Please copy, word for word, the line holding "A security audit" and each line that follows it through the end of the entries, omitting any pictures.

[Stored items from a collection]
====================

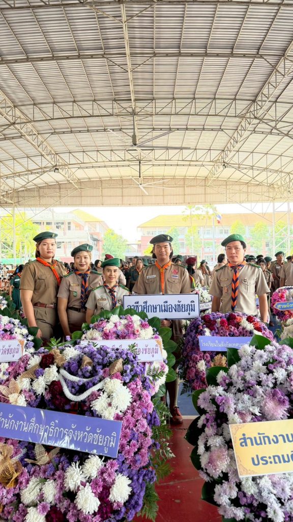 วันที่ 25 พฤศจิกายน 2568 นายประทีป อนิลบล ผู้อำนวยการวิทยาลัยอาชีวศึกษาเมืองชัยภูมิ ได้มอบหมายให้นายสันติ เบ็ญจศิล รองผู้อำนวยการวิทยาลัยอาชีวศึกษาเมืองชัยภูมิ พร้อมด้วยคณะครู ผู้กำกับลูกเสือวิสามัญ และลูกเสือวิสามัญ ได้เข้าร่วมกิจกรรมน้อมลำลึกในพระมหากรุณาธิคุณ “ศตวรรษามหาธีรราชานุสรณ์” ครบรอบ 100 ปี เนื่องในวันคล้ายวันสวรรคตพระบาทสมเด็จพระมงกุฎเกล้าเข้าอยู่หัว “วันสมเด็จพระมหาธีรราชเจ้า” ประจำปี 2568 ณ โรงเรียนชัยภูมิภักดีชุมพล
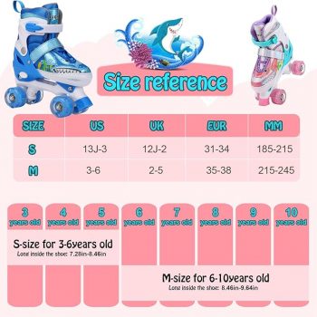 Amazon:$19.99 ($39.99)Shark Roller Skates 4 Size Adjustable Rollerskates with Light Up Wheels Breathable Upper Cushioned Sole Rollerblades for Outdoor and Indoor Use for Girls Boys
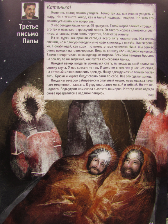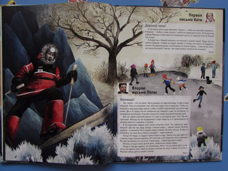 Основу книги «Катя, папа и Северный полюс» составляют письма Папы (Матвей Шпаро) и его маленькой дочери (Катя).
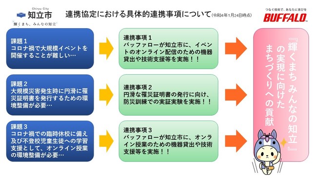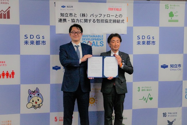 愛知県知立市(以下「知立市」)と、メルコホールディングス(東・名 6676)グループの株式会社バッファロー(本社:名古屋市、代表取締役社長:牧 寛之、以下「バッファロー」)は、『輝くまち みんなの知立』の実現に向けたまちづくりに貢献することを目的とし、2022年1月31日(月)、「連携・協力に関する包括協定」(以下「本協定」)を締結いたしました。
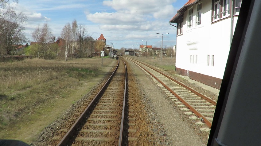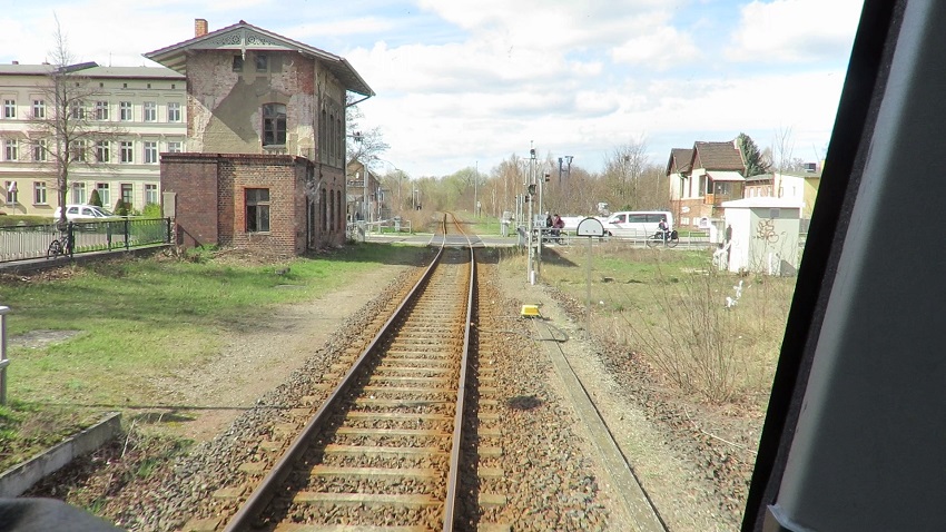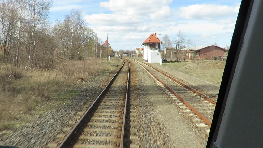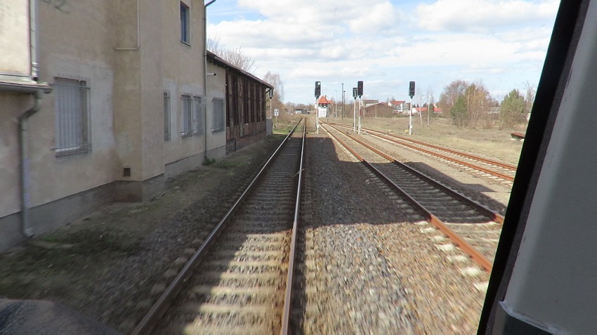 | Vorbei geht es an einem ehemaligen Lokschuppen, hinter dem bereits die heutigen Ausfahrsignale in Richtung Niederfinow stehen. |
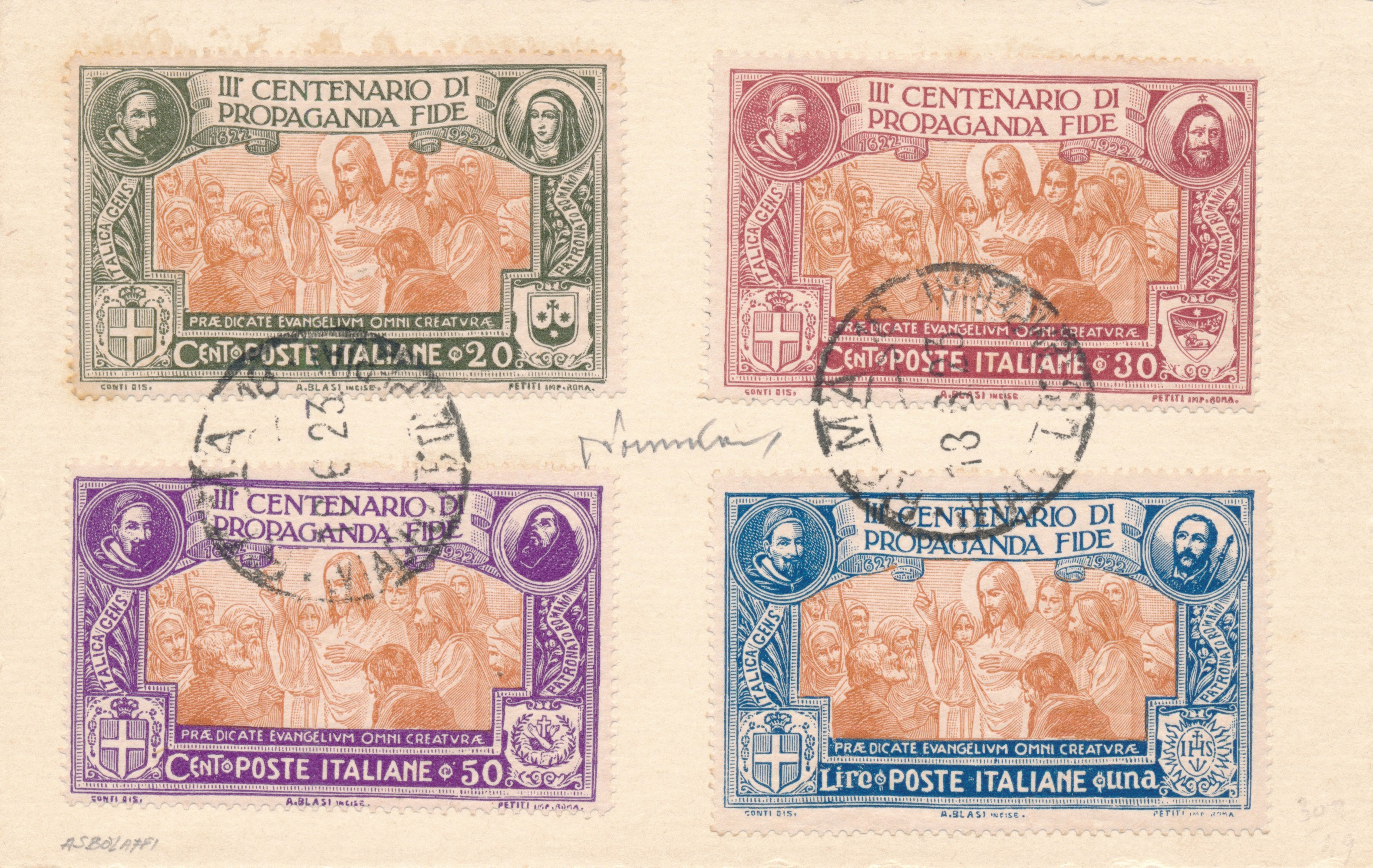 1923 – Regno d’Italia – “3° centenario della Congregazione di Propaganda fide” – Cartoncino con applicati i quattro valori della serie ed annullati (Sass. S.24).
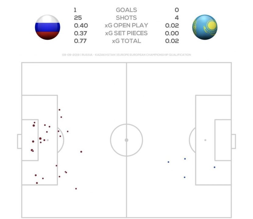 Вязкая и острожная игра Казахстана просто не способствовала результативной игре. Показатели потенциальных голов получились крайне низкими, у Казахстана он вообще практически нуля равен (0.02).
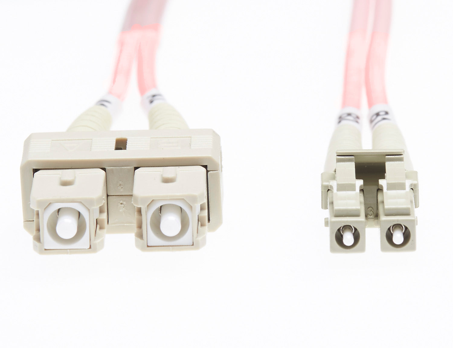 5m LC-SC OM1 Multimode Fibre Optic Cable: Salmon Pink
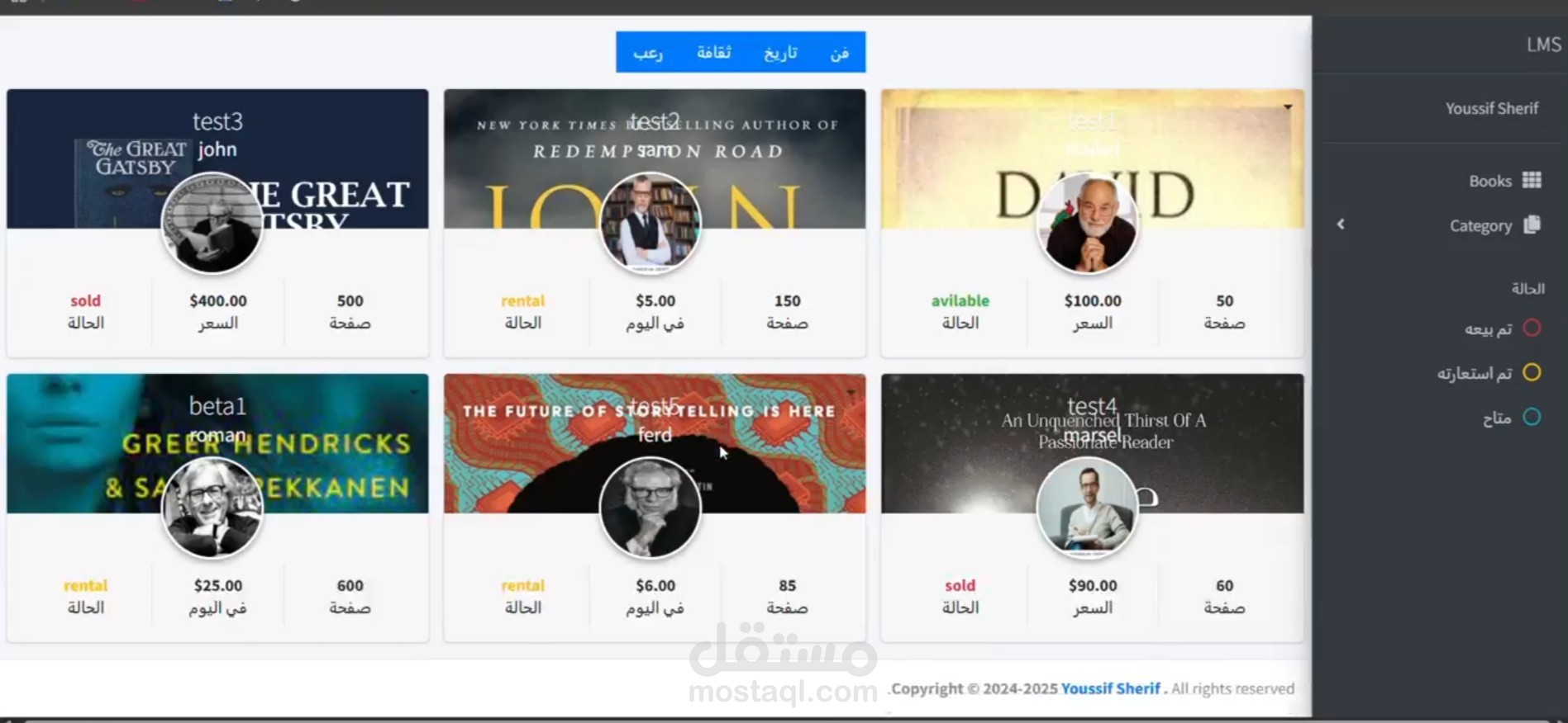 موقع إلكتروني نظام اداره مكتبه متاح اضافه كتاب و حذف كتاب و تعديل الكتاب و اضافه صوره للكتاب و اسم المؤلف و صورته
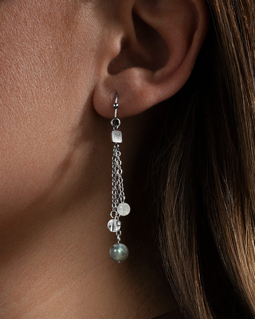 Die Ohrringe, die Mondstein, Bergkristall und Labradorit kombinieren, sind ein energetisches Juwel. Diese drei Steine, ausgewählt wegen ihrer einzigartigen und ergänzenden Eigenschaften, verweben ein Netz aus lebendigen Energien, um die Seele im Alltag zu begleiten.
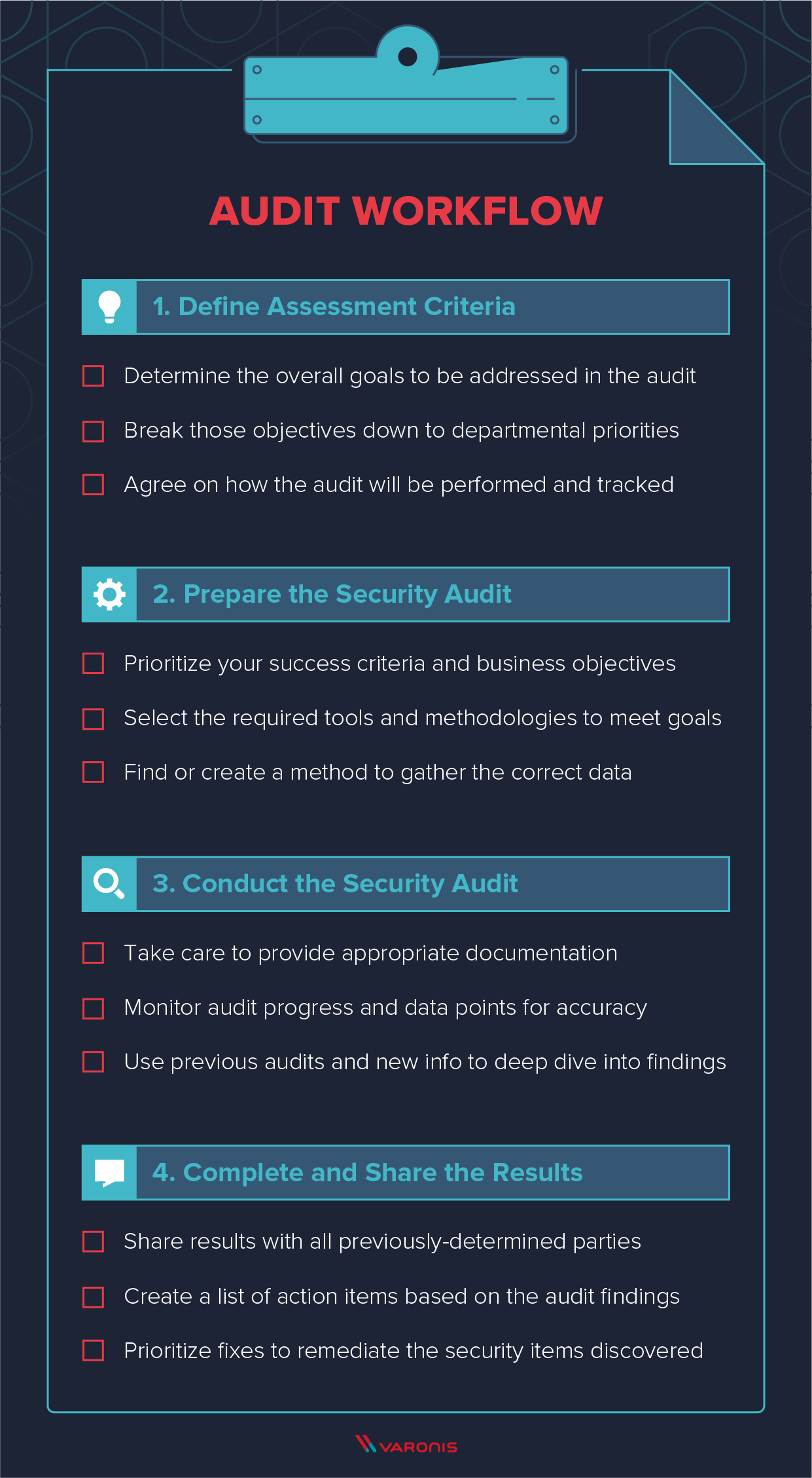 A security audit is only as complete as it’s early definition. Determine the overall objectives the company needs to address in the audit, and then break those down to departmental priorities.
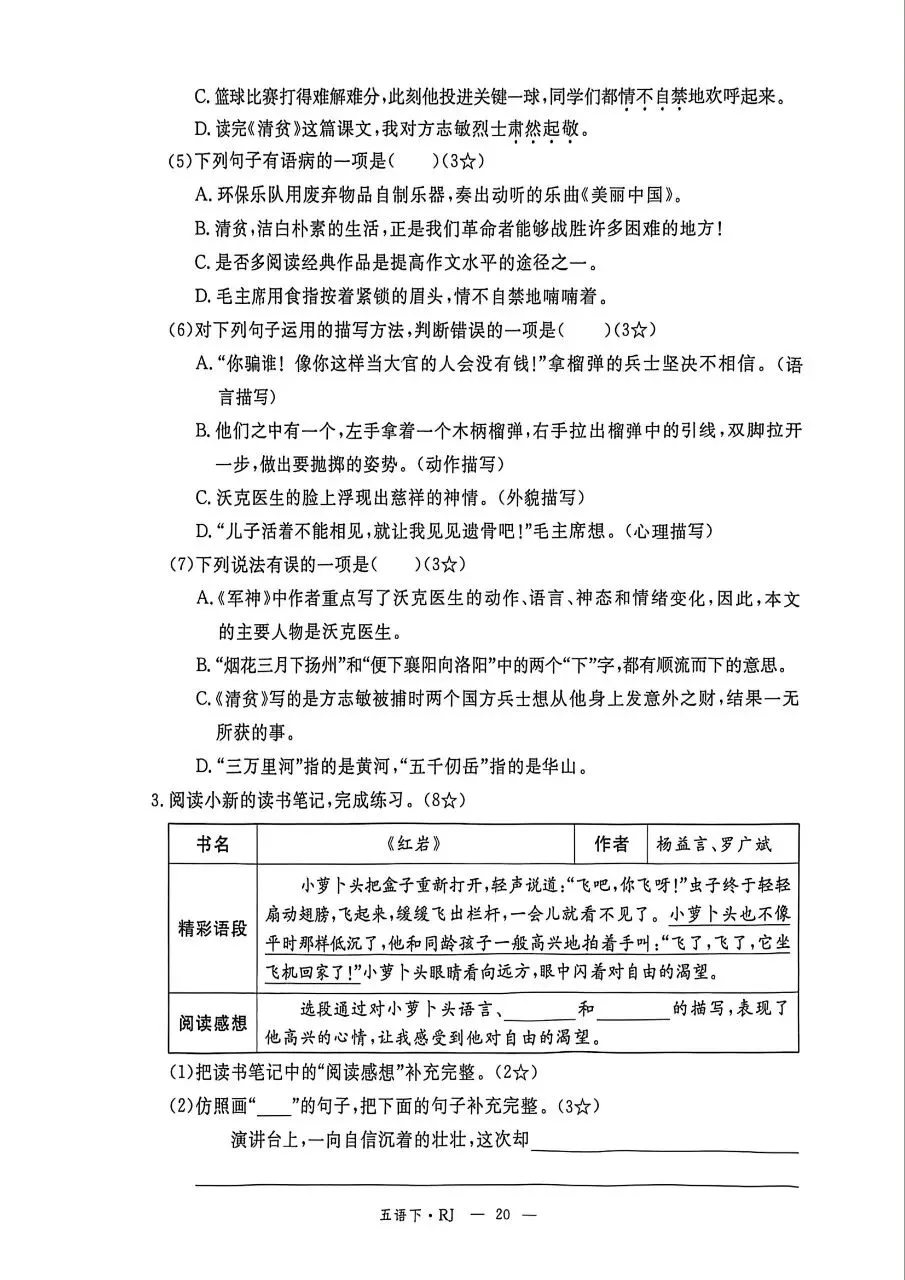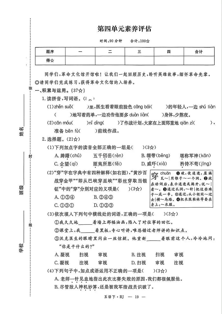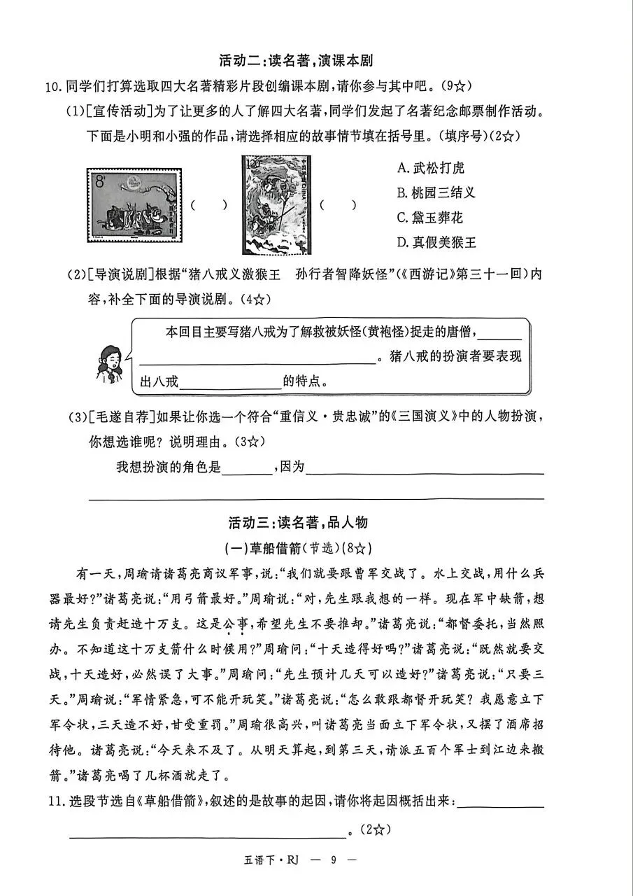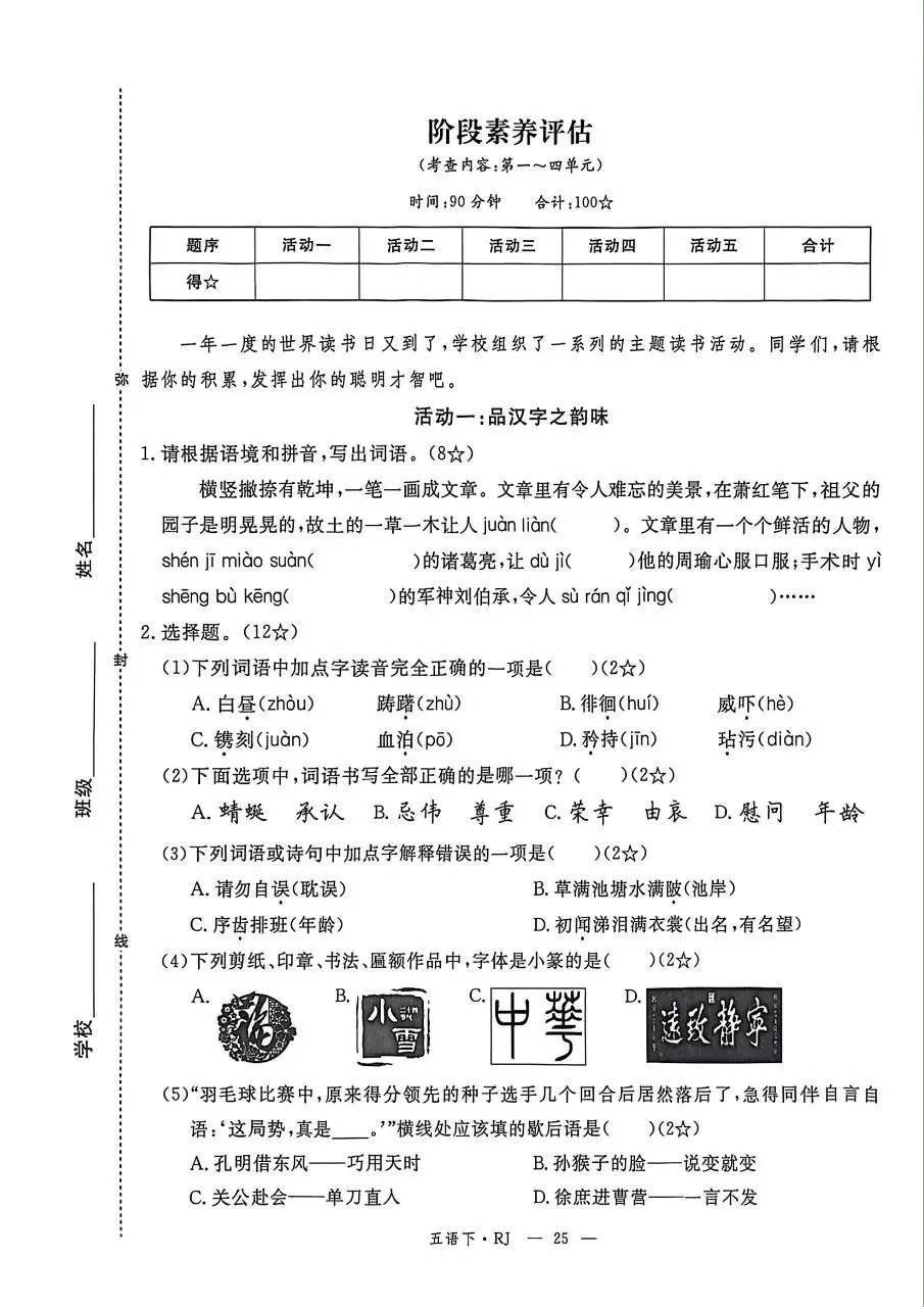 2026春新版五年级下册语文人教部编版《1-8单元测试卷+期中期末综合素养评估卷》(共10套,含答案),完整可打印

====================

**Result for this exercise:**
 A security audit is only as complete as it’s early definition. Determine the overall objectives the company needs to address in the audit, and then break those down to departmental priorities.
 2026春新版五年级下册语文人教部编版《1-8单元测试卷+期中期末综合素养评估卷》(共10套,含答案),完整可打印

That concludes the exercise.